• **Goal of the exercise**:
Please reproduce all the records exactly while leaving out their pictures.

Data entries
=== Begin Enclosure ===
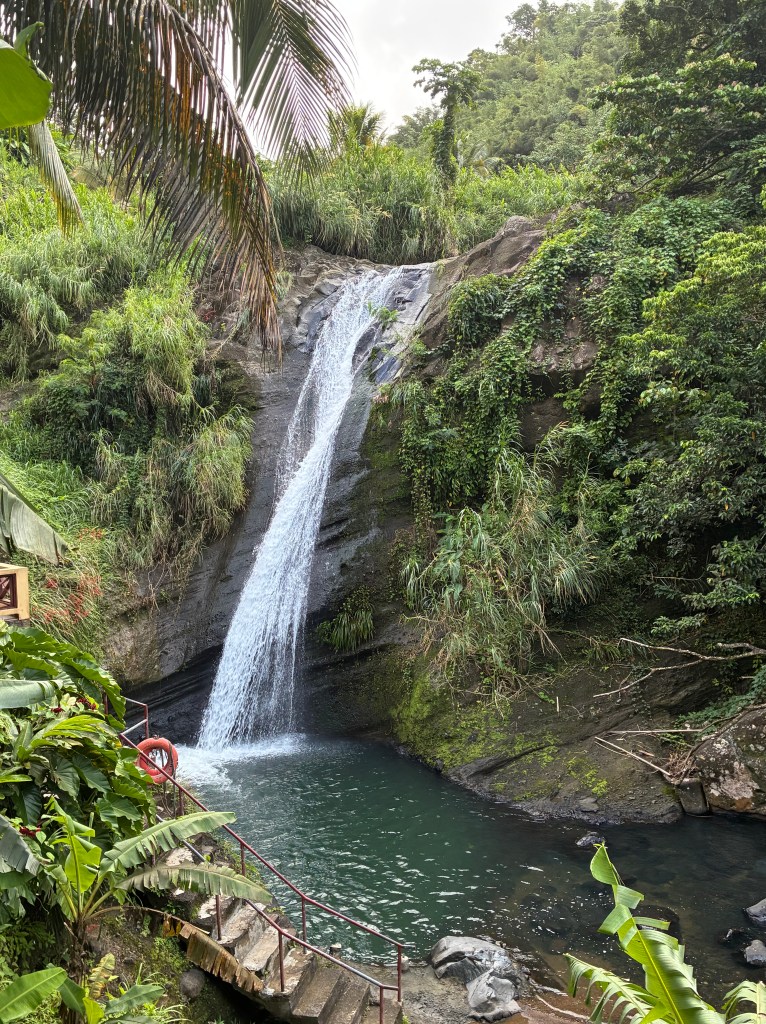 We drove through the city of Saint George (where we were docked) and it was so busy. There was a lot of traffic. As we got out of the city and traveled next to the coast it was much calmer. The views were beautiful. The road we took up to the waterfall was tiny and quite rough. They were working on it, though.
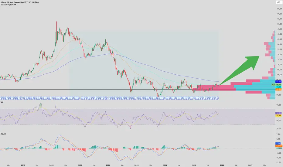 Rzut oka na "tygodniówki" (1W) na TLT (iShares 20+ Year Treasury Bond ETF). Od 2020 roku dostaliśmy mocno w kość, ale struktura, którą budujemy od końcówki 2023, wygląda coraz bardziej na klasyczną akumulację.
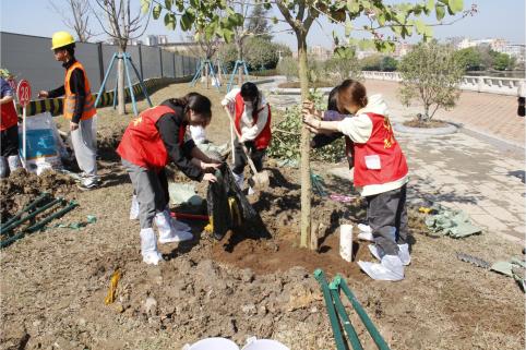 在植树活动中,老师、同学们热情洋溢、分组植树、扶苗填坑、提桶浇水,大家干劲十足,每个步骤有条不紊,在阳光下种下了一棵棵绿树。师生们种下的是一棵棵绿树,收获的却是一份份满足!此次植树活动不仅为学校周边的环境添了充满生机的绿色,同时也在师生们的心里种下了生态、环保的理念,更激发了师生们热爱自然、保护生态环境的热情!
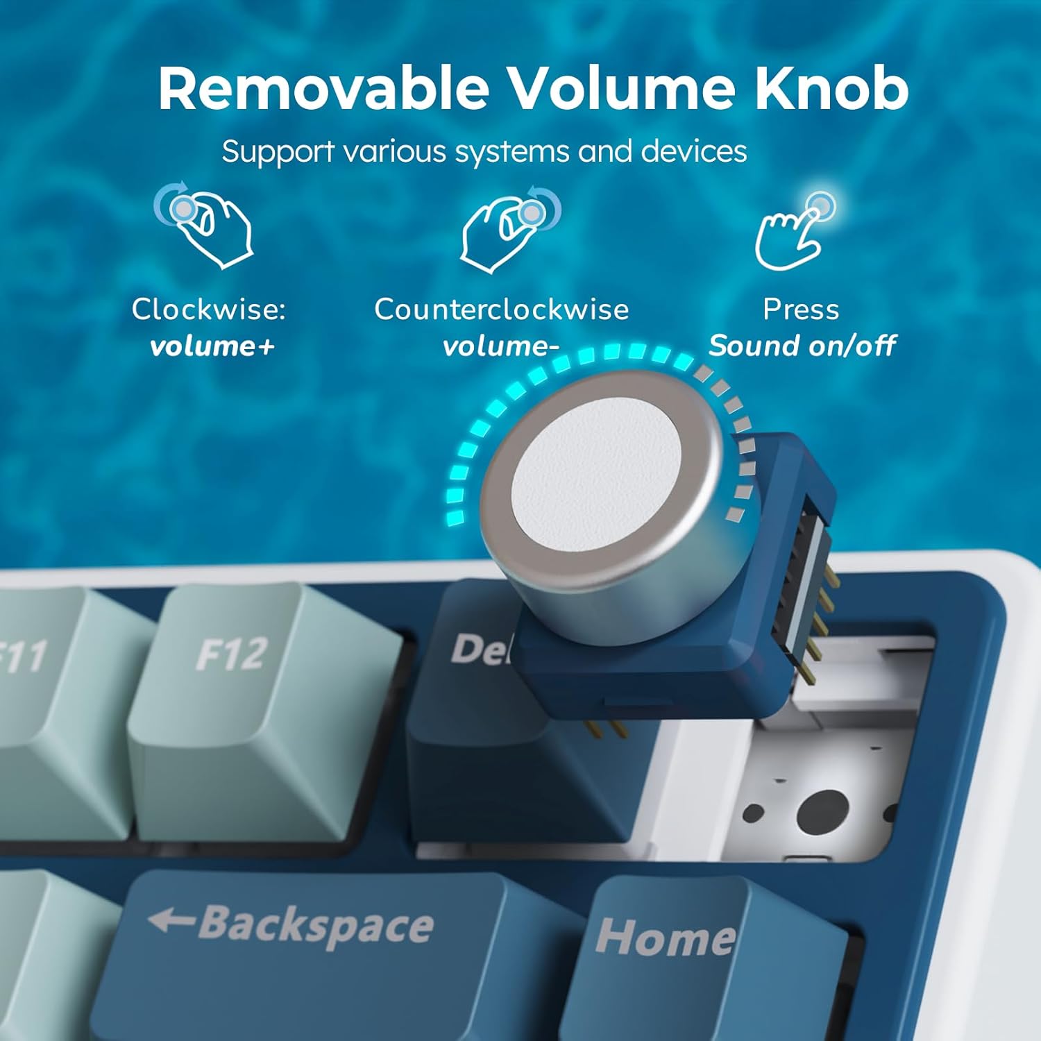 CNC Metal Volume Knob: Custom keyboard features a CNC metal knob, allowing you to adjust the volume by rotating it and mute/unmute by pressing it. The knob is hot-swappable and programmable, and you can replace it with the included cream switches. Whether you use it for multimedia control or as a custom key, it can meet your needs
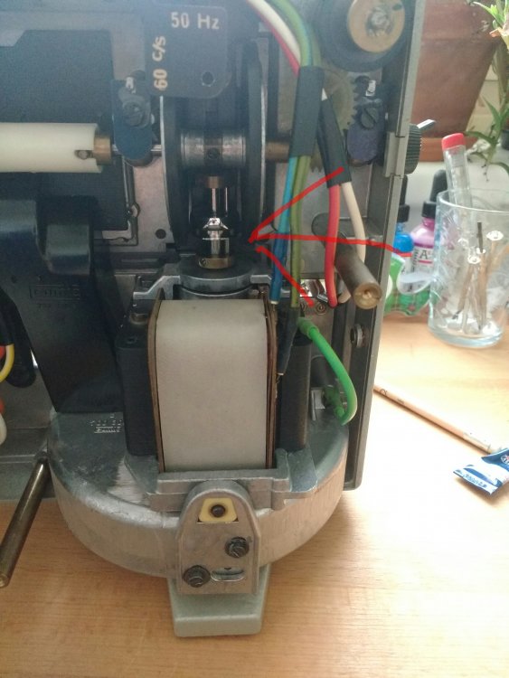 Möchte hier ein kurzes Feedback zu meiner Mark M-Untersuchung hinterlassen, falls jemand ähnliche Probleme hat fühlt er sich vl nicht so allein 😄 (und vl hilft es sogar...). Ich habe den Motor aus- und wieder eingebaut und auf einmal funktionierts einwandfrei... zumindest in sofern, dass ich nun weiß, dass diese halboffene Führung (roter Pfeil) der Motorwelle ziemlich haarsträubend locker mit einer 'Kugel' (rund ist was anderes) in die Schiene des Geschwindigkeitsregler greift. Diese Führung schliff bei mir beträchtlich je nach Stellung (was mich bei der Konstruktion auch nicht wirklich verwundert). Und das war eben bei dem eh höheren Drehmoment des 24er-Gangs zuviel des Widerstands für den Motor. Falls es bei euch also auch das Problem von nicht zu wenig, sondern zuviel Reibung an einem Eumig mit Reibrad gibt, schaut euch das Teil mal an!
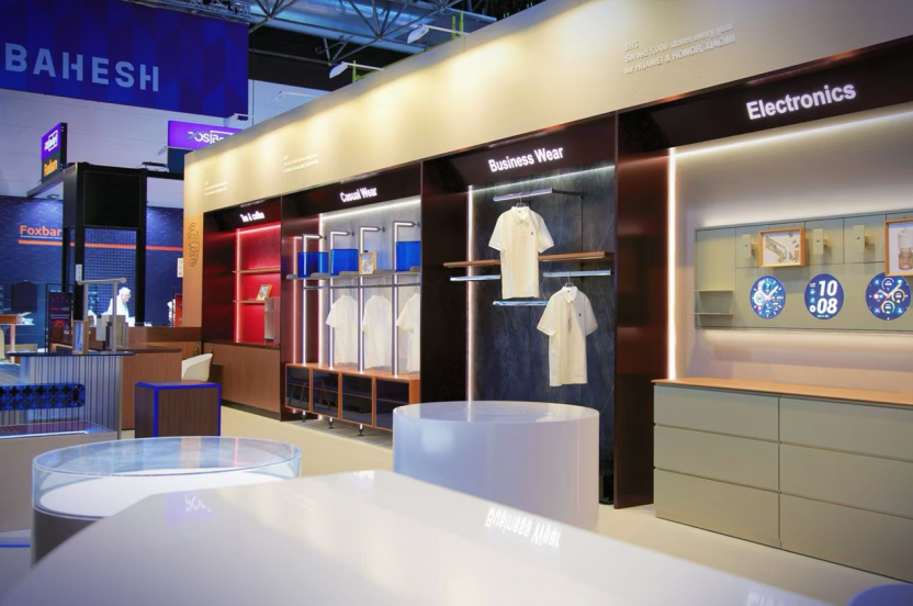 立足欧洲市场商业空间业务的实际需求,结合企业核心业务板块,百和仕在展会现场规划茶饮、服装(商务 & 休闲)、电子消费品三大实景化展区,以模块化还原空间布局,直观呈现了对全球品牌商业空间的深度理解,以及为客户创造价值的核心方向。这一设计思路与本届Euroshop 2026的体验化、场景化趋势高度契合,将品牌商业空间的功能需求与体验价值完美融合,成为展会中商业空间实景设计的优秀范本。
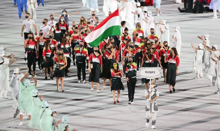 Многие попытались сделать комплимент хозяевам Олимпийских игр своими нарядами. Кто-то с помощью цветов, кто-то6 как Россия – с помощью шрифтов. А венгры просто взяли кимоно и переделали их на свой лад. Получились очень необычные женские блузы.
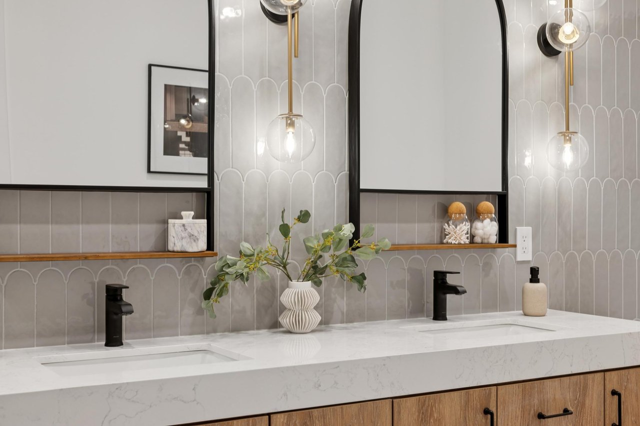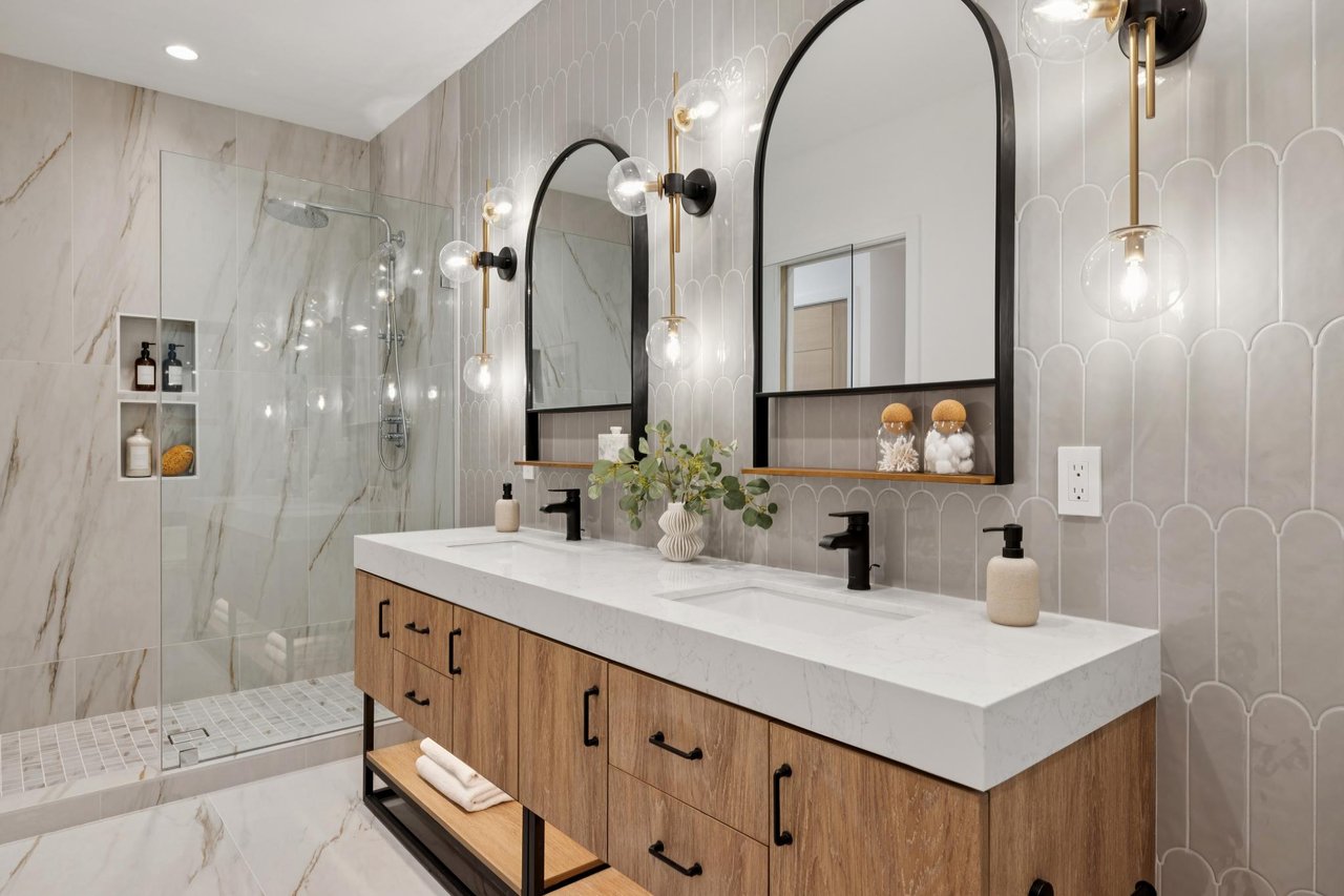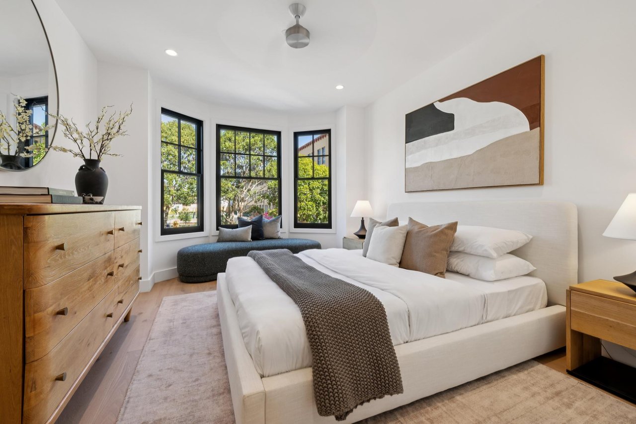 The primary suite includes bay windows, dual closets with built-ins, and an ensuite bath with floating dual vanities, fish-scale tilework, Kohler brass fixtures, a glass-enclosed walk-in shower, and a Toto dual-flush toilet. A second bedroom shares similar proportions and sunlight, while a third bedroom—perfect as a guest suite or home office—sits near the hallway bath, which includes a shower-over-tub, floating vanity, and stylish lighting.
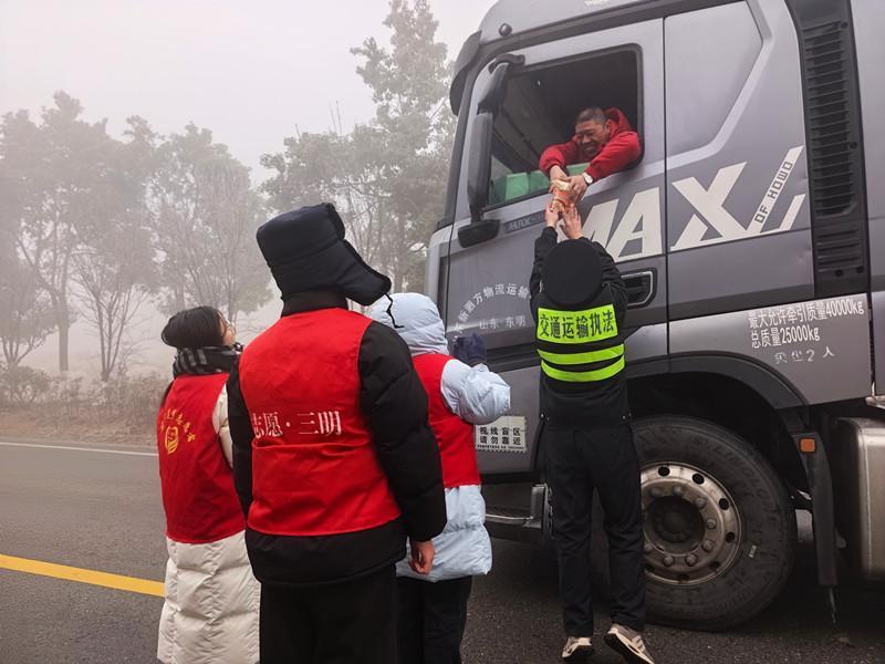 冰封歸途有暖意 三明建寧公路志愿者為滯留司乘送溫暖
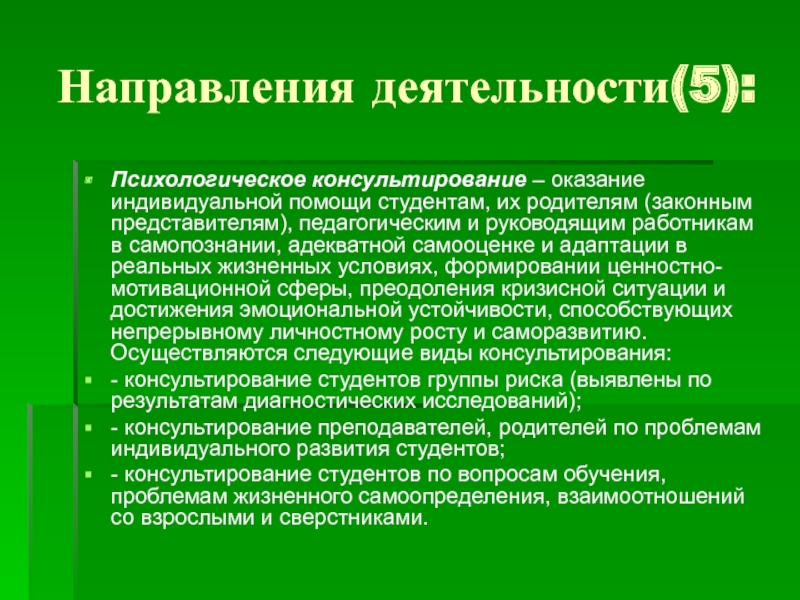 представителям), педагогическим и руководящим работникам в самопознании, адекватной самооценке и адаптации в реальных жизненных условиях, формировании ценностно-мотивационной сферы, преодоления кризисной ситуации и достижения эмоциональной устойчивости, способствующих непрерывному личностному росту и саморазвитию. Осуществляются следующие виды консультирования:
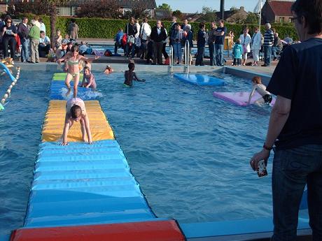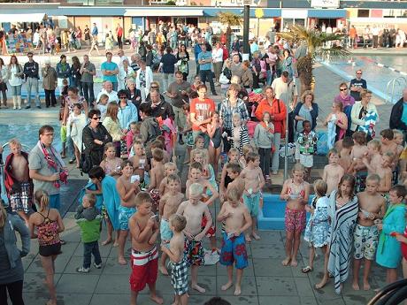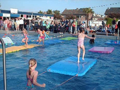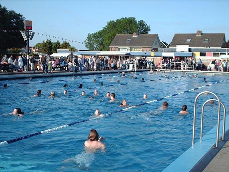 Het zwemseizoen is weer begonnen. Het zwembad in Montfoort bestaat dit jaar 50 jaar! Dit laten ze niet ongemerkt voorbijgaan. Een van de (jubileum) activiteiten is de Nationale zwem4daagse, die dit jaar voor de 36ste keer werd gehouden. De deelname viel iets tegen, vooral vanwege de slechte weersomstandigheden afgelopen maandag bij de start, maar … vrijdag waren de weergoden de zwemmers goed gezind en werd het een daverend slot, met o.a. een prachtige glijbaanrace. Er waren totaal 354 deelnemers, ongeveer 30 minder dan vorig jaar, waaronder 42 kinderen die deelnamen aan het waterfestijn omdat zij nog geen diploma hebben.
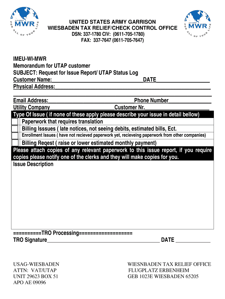 UNITED STATES ARMY GARRISON WIESBADEN TAX RELIEF×CHECK CONTROL OFFICE DSN: 3371780 CIV: (06117051780) FAX: 3377647 ×06117057647) IMEUWIMWR Memorandum for UTAH customer SUBJECT: Request for Issue
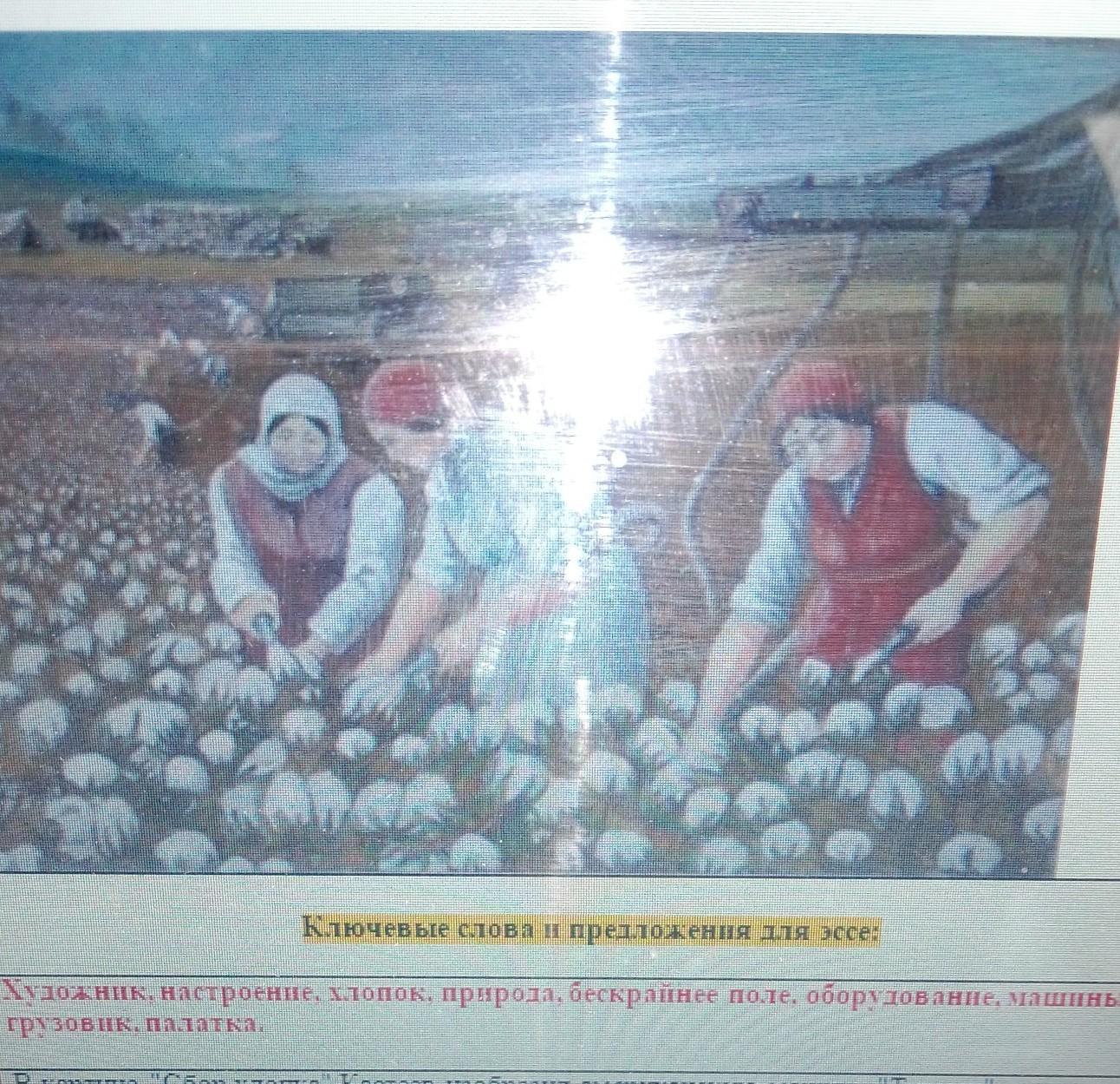 На картине художник изобразил поле хлопчатника и женщин, собирающих богатый урожай хлопка. Мы видим бескрайний простор, который на горизонте сливается с небом.
=== End Enclosure ===
• **Solution to the exercise**:
 We drove through the city of Saint George (where we were docked) and it was so busy. There was a lot of traffic. As we got out of the city and traveled next to the coast it was much calmer. The views were beautiful. The road we took up to the waterfall was tiny and quite rough. They were working on it, though.
 Rzut oka na "tygodniówki" (1W) na TLT (iShares 20+ Year Treasury Bond ETF). Od 2020 roku dostaliśmy mocno w kość, ale struktura, którą budujemy od końcówki 2023, wygląda coraz bardziej na klasyczną akumulację.
 在植树活动中,老师、同学们热情洋溢、分组植树、扶苗填坑、提桶浇水,大家干劲十足,每个步骤有条不紊,在阳光下种下了一棵棵绿树。师生们种下的是一棵棵绿树,收获的却是一份份满足!此次植树活动不仅为学校周边的环境添了充满生机的绿色,同时也在师生们的心里种下了生态、环保的理念,更激发了师生们热爱自然、保护生态环境的热情!
 CNC Metal Volume Knob: Custom keyboard features a CNC metal knob, allowing you to adjust the volume by rotating it and mute/unmute by pressing it. The knob is hot-swappable and programmable, and you can replace it with the included cream switches. Whether you use it for multimedia control or as a custom key, it can meet your needs
 Möchte hier ein kurzes Feedback zu meiner Mark M-Untersuchung hinterlassen, falls jemand ähnliche Probleme hat fühlt er sich vl nicht so allein 😄 (und vl hilft es sogar...). Ich habe den Motor aus- und wieder eingebaut und auf einmal funktionierts einwandfrei... zumindest in sofern, dass ich nun weiß, dass diese halboffene Führung (roter Pfeil) der Motorwelle ziemlich haarsträubend locker mit einer 'Kugel' (rund ist was anderes) in die Schiene des Geschwindigkeitsregler greift. Diese Führung schliff bei mir beträchtlich je nach Stellung (was mich bei der Konstruktion auch nicht wirklich verwundert). Und das war eben bei dem eh höheren Drehmoment des 24er-Gangs zuviel des Widerstands für den Motor. Falls es bei euch also auch das Problem von nicht zu wenig, sondern zuviel Reibung an einem Eumig mit Reibrad gibt, schaut euch das Teil mal an!
 立足欧洲市场商业空间业务的实际需求,结合企业核心业务板块,百和仕在展会现场规划茶饮、服装(商务 & 休闲)、电子消费品三大实景化展区,以模块化还原空间布局,直观呈现了对全球品牌商业空间的深度理解,以及为客户创造价值的核心方向。这一设计思路与本届Euroshop 2026的体验化、场景化趋势高度契合,将品牌商业空间的功能需求与体验价值完美融合,成为展会中商业空间实景设计的优秀范本。
 Многие попытались сделать комплимент хозяевам Олимпийских игр своими нарядами. Кто-то с помощью цветов, кто-то6 как Россия – с помощью шрифтов. А венгры просто взяли кимоно и переделали их на свой лад. Получились очень необычные женские блузы.
 The primary suite includes bay windows, dual closets with built-ins, and an ensuite bath with floating dual vanities, fish-scale tilework, Kohler brass fixtures, a glass-enclosed walk-in shower, and a Toto dual-flush toilet. A second bedroom shares similar proportions and sunlight, while a third bedroom—perfect as a guest suite or home office—sits near the hallway bath, which includes a shower-over-tub, floating vanity, and stylish lighting.
 冰封歸途有暖意 三明建寧公路志愿者為滯留司乘送溫暖
 представителям), педагогическим и руководящим работникам в самопознании, адекватной самооценке и адаптации в реальных жизненных условиях, формировании ценностно-мотивационной сферы, преодоления кризисной ситуации и достижения эмоциональной устойчивости, способствующих непрерывному личностному росту и саморазвитию. Осуществляются следующие виды консультирования:
 Het zwemseizoen is weer begonnen. Het zwembad in Montfoort bestaat dit jaar 50 jaar! Dit laten ze niet ongemerkt voorbijgaan. Een van de (jubileum) activiteiten is de Nationale zwem4daagse, die dit jaar voor de 36ste keer werd gehouden. De deelname viel iets tegen, vooral vanwege de slechte weersomstandigheden afgelopen maandag bij de start, maar … vrijdag waren de weergoden de zwemmers goed gezind en werd het een daverend slot, met o.a. een prachtige glijbaanrace. Er waren totaal 354 deelnemers, ongeveer 30 minder dan vorig jaar, waaronder 42 kinderen die deelnamen aan het waterfestijn omdat zij nog geen diploma hebben.
 UNITED STATES ARMY GARRISON WIESBADEN TAX RELIEF×CHECK CONTROL OFFICE DSN: 3371780 CIV: (06117051780) FAX: 3377647 ×06117057647) IMEUWIMWR Memorandum for UTAH customer SUBJECT: Request for Issue
 На картине художник изобразил поле хлопчатника и женщин, собирающих богатый урожай хлопка. Мы видим бескрайний простор, который на горизонте сливается с небом.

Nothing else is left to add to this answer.